To make Moldova's imposible situation even worse, the country is divided along the river Dniestr -

- into Moldova proper and TransDniestr, the communist break-away region east of the river.

GRAPHICS:

24:40

Before Stalin's annexation of Moldova the region east of Dniestr was part of Ukraine.

After the annexation Moldova and TranDniestr became ONE republic in the Soviet Union -- until its collapse.

After a brief but bloody civilwar in 1992, the country was divided. The wide boulevards in Tiraspol are half empty. Monuments of various kinds remind people of past heroes and battles -

there are monuments for the dead - and for glorious tanks.


The two presidents - Smirnov from TransDniestr to the left, and Voronin from Moldova - meet regularly, assisted and guided by the OSCE - the European Organisatoion for Security and Cooperation.


The day we visited Tiraspol, the two presidents signed three agreements.

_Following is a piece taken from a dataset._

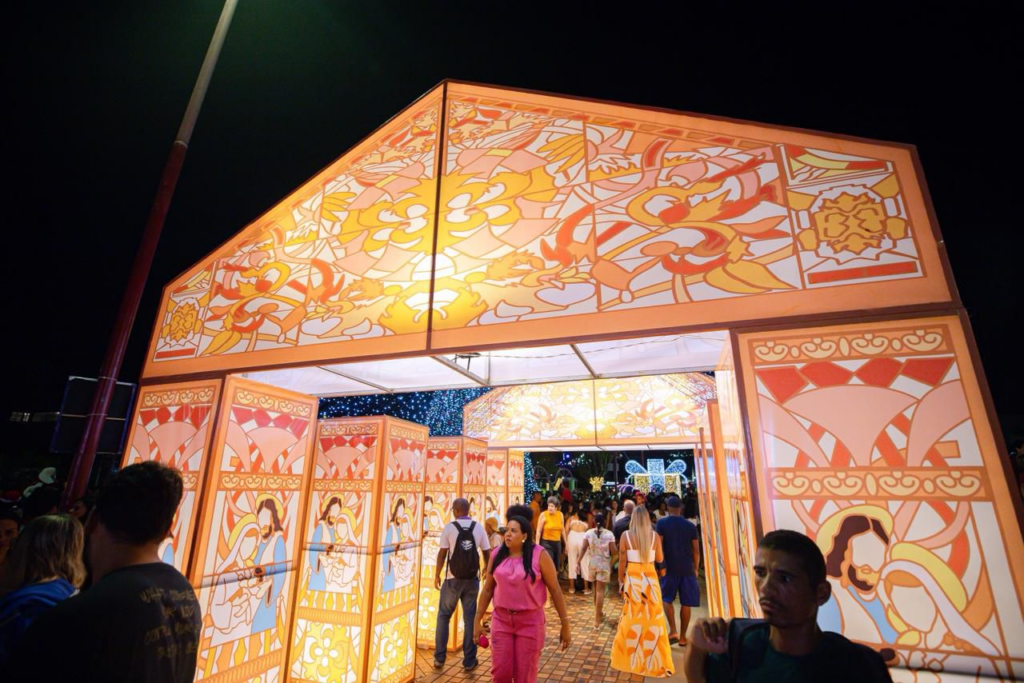 Antes mesmo do acender das luzes, a magia já se espalhava pela Praça João Thiago dos Santos, conhecida popularmente como Praça da Matriz. Na noite deste sábado (6/12), o espaço ganhou cor e brilho com a abertura oficial do Natal Mágico, iniciativa da Secretaria Municipal de Cultura, Lazer, Juventude e Esporte (SECULJE). Árvores monumentais, guirlandas luminosas e uma chuva de luzes transformaram a vila cenográfica em um cenário lúdico que encantou famílias inteiras e reacendeu o espírito natalino.

But they don't like each other - and the conflict is explosive.


Today 45.000 tons of Soviet military equipment and ammunition is stored in TransDniestr - supposedly controlled by the Russians, as long as they stay.

Smirnov claims that it all belongs to the people of TransDniestr. He refuses to give it up or even destroy parts of it without compensation – or to let the Russian forces withdraw.

IGOR SMIRNOV, President, TransDniestr

25:52

"Legally it belongs to the people of TransDniestr.


"Are you willing to assist in the destruction of some of these weapons?"


We do not want to the Russian army to withdraw from here.

The presence of the Russian army is the only physical guarantee we have - except for all the political statements and all the proclamations being issued of all the other parties, as guarantees.

Our people saw that very clearly in 92, when you were here".

26:28

In 1992 the conflict was about ethnic animosities – now its mainly about economics.


Smirnov controls TransDniestr's economy through his company SHERIFF.

Sheriff owns gas-stations, super-markets and is at present building a gigantic stadium with two swimming-pools and a hotel for tens of millions of dollars.


Moldova is deperate for the industy set up across the river.


Until the conflict is solved, soldiers still patrol along the river. Repairing this bridge across the Dniestr is a step in the right direction.


Back in Moldova, Victor Doras, the political adviser to President Voronin, can take stock of his country's situation -

- one in five live outside the cash-economy,

- one in two live below the poverty line -

- and every third Moldovan in the workforce - has left the country.

VICTOR DORAS, Presidential Adviser

27.25

"Even though Europe would like to turn a blind eye, it is impossible to ignore this poor country in the middle of Europe"








Returning to the churches in Chisinau - weddings continue.

The young ones will have to rely on help from the parents if possible -

- and they’ll probably never have more than one child -


They are, however, still full of hope


MARIANA BALTA,

Student

"I hope that we will be happy together -

- and that we will have a future -

- where we are happy and healthy and will see our dreams come true!"